The drafting of Parker was preceded by Kohl selling the team to Wesley Edens and Marc Lasry in April for $550 million (fun fact: four months later the LA Clippers were sold to Steve Ballmer for $2 billion). Edens and Lasry developed a relationship with then Brooklyn Nets coach Jason Kidd during their previous stint as minority owners of the team. This connection helps the Bucks lure Kidd – who was unhappy in Brooklyn and seeking an escape – to the Cream City. The process of Kidd’s hiring was executed poorly and involved the Bucks firing head coach Larry Drew, but this was forgotten when the Bucks immediately showed vast improvement.

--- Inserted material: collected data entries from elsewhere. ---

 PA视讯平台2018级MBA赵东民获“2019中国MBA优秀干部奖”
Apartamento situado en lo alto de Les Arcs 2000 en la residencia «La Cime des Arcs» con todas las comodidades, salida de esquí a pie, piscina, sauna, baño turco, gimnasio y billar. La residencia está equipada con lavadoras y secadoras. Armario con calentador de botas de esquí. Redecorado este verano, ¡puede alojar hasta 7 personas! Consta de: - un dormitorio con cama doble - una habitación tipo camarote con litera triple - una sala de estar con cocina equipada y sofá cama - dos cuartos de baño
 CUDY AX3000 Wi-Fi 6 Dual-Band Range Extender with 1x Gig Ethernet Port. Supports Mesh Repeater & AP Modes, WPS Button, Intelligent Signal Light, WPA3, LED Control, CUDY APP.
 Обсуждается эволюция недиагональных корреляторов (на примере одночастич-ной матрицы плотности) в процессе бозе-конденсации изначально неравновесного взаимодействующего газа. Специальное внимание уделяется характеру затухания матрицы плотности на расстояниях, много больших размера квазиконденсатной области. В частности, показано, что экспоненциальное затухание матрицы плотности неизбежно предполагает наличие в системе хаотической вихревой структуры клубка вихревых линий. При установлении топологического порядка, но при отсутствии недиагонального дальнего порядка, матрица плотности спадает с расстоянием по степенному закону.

With the Kidd running the show and a core of young talent – highlighted by Giannis Antetokounmpo – the Bucks made a 26-game improvement during the 2014-2015 season, finishing with a 41-41 record. This was good enough to earn a #6 seed in the playoffs, where they spooked the Chicago Bulls in the first round before succumbing in six games.

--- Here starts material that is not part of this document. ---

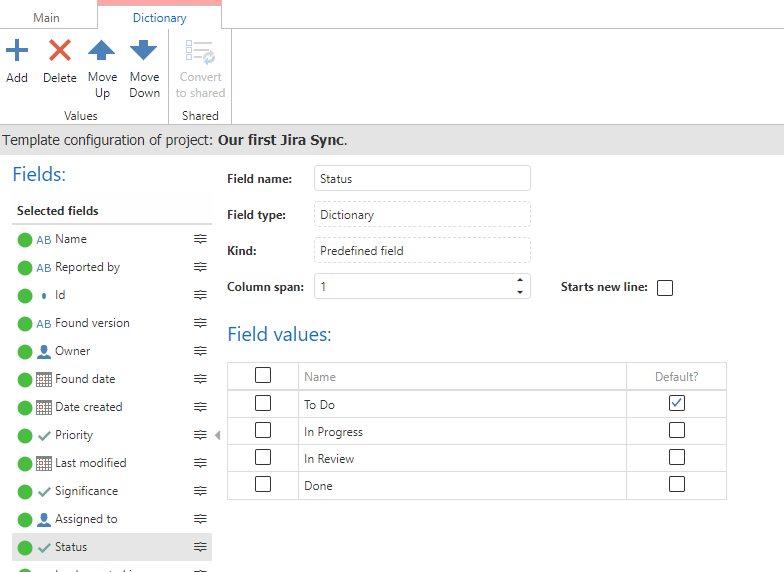 Zusätzlich fügen wir die Felder 'Jira Link' und 'Jira ID' als Textfelder hinzu. Klicken Sie auf den roten Kreis um die Felder der Vorlage hinzuzufügen. Hier fügen wir auch das Feld 'Resolution' mit den selben Werten wie in Jira hinzu, plus dem Wert 'Unresolved'. Dieses Feld fügen wir nicht zur Vorlage hinzu, da wir hier keine Werte manuell eintragen und das Feld in aqua nicht sehen müssen.
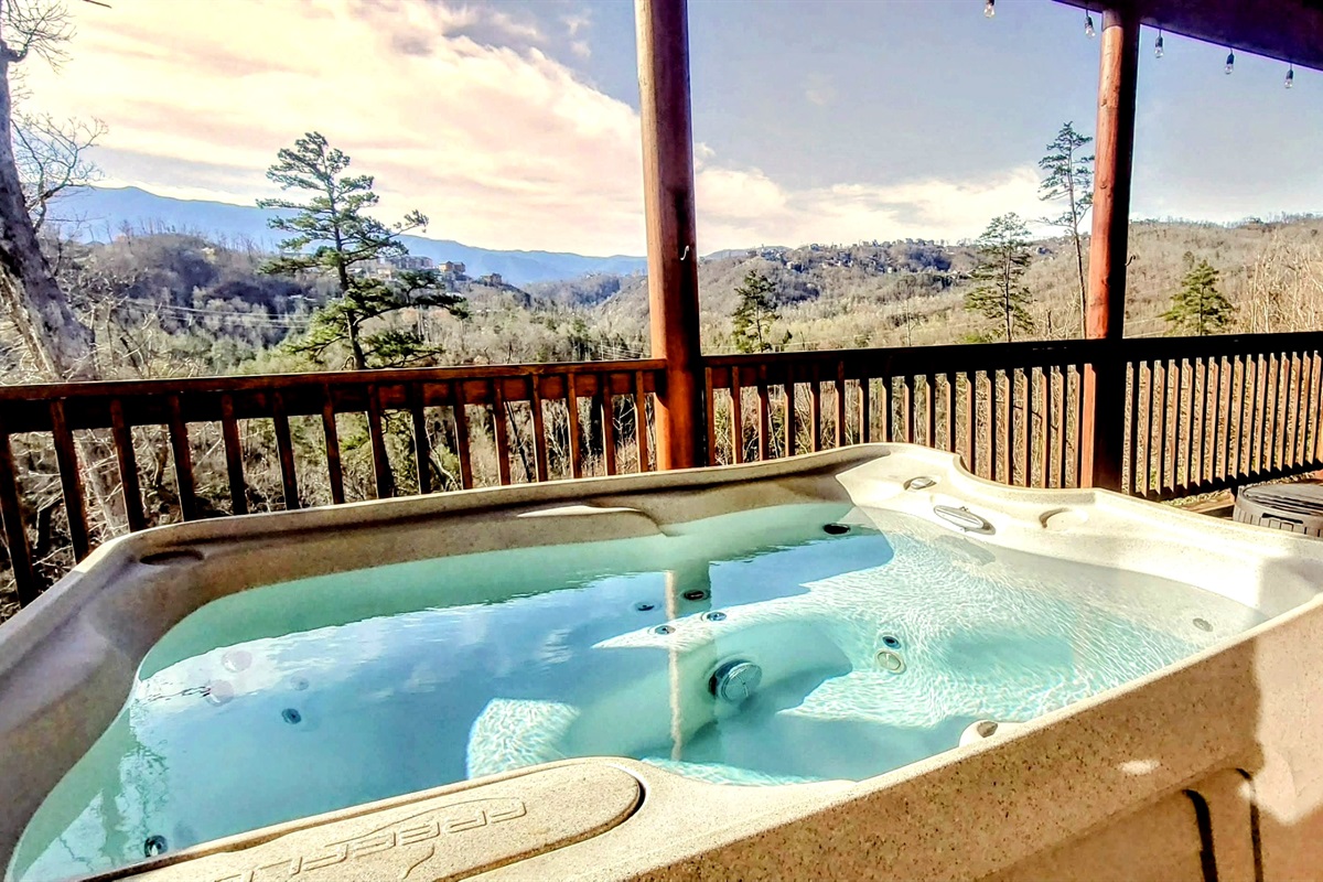 Newly built in 2018, this all adult chalet style 1200 sq ft luxury Gatlinburg cabin provides a "first floor" king suite with handmade sassafras furniture, flat screen "smart" HDTV and ROKU , spacious en-suite master bath and a private walk out to the covered deck and hot tub. Solid hickory flooring throughout cabin, custom log furniture, cathedral ceilings and large picture windows create an Adirondack theme throughout the cabin. The second floor offers a media room with flat screen "smart" HDTV and ROKU, double couple's recliner and large full bath. Kitchen amenities include a fully stocked custom kitchen with stainless steel appliances, granite counter top, cookware, bake ware, dish sets, and a new Keurig along with a new Mr Coffee maker. Enjoy magnificent mountain & ridge views from the privacy of the covered deck which includes a new custom spa with LED lights and a waterfall, a double glider rocker and a picnic table!

These recent on-the-court developments were incredibly well-timed for the Bucks. As we’ve just seen, it’s not easy for a professional sports team to garner support for $250 million in public funding for an arena ($400 million after interest). But it’s especially hard for a terrible team to gain such support. Though it’s not a perfect comparison, the hopelessly terrible mid-90s Milwaukee Brewers needed an 11th hour change of heart from George Petak to secure public financing for Miller Park. If there Brewers were more promising at the time, a deciding vote may not have been necessary.

There are many legitimate reasons to be opposed to public financing for stadiums. At the risk of being cynical, perhaps the most powerful is “because the team is not any good.” Thanks to a serendipitous change in fortune, the Bucks were able to eliminate that objection. This just might be the unsung reason they’ll be the Milwaukee Bucks for decades to come.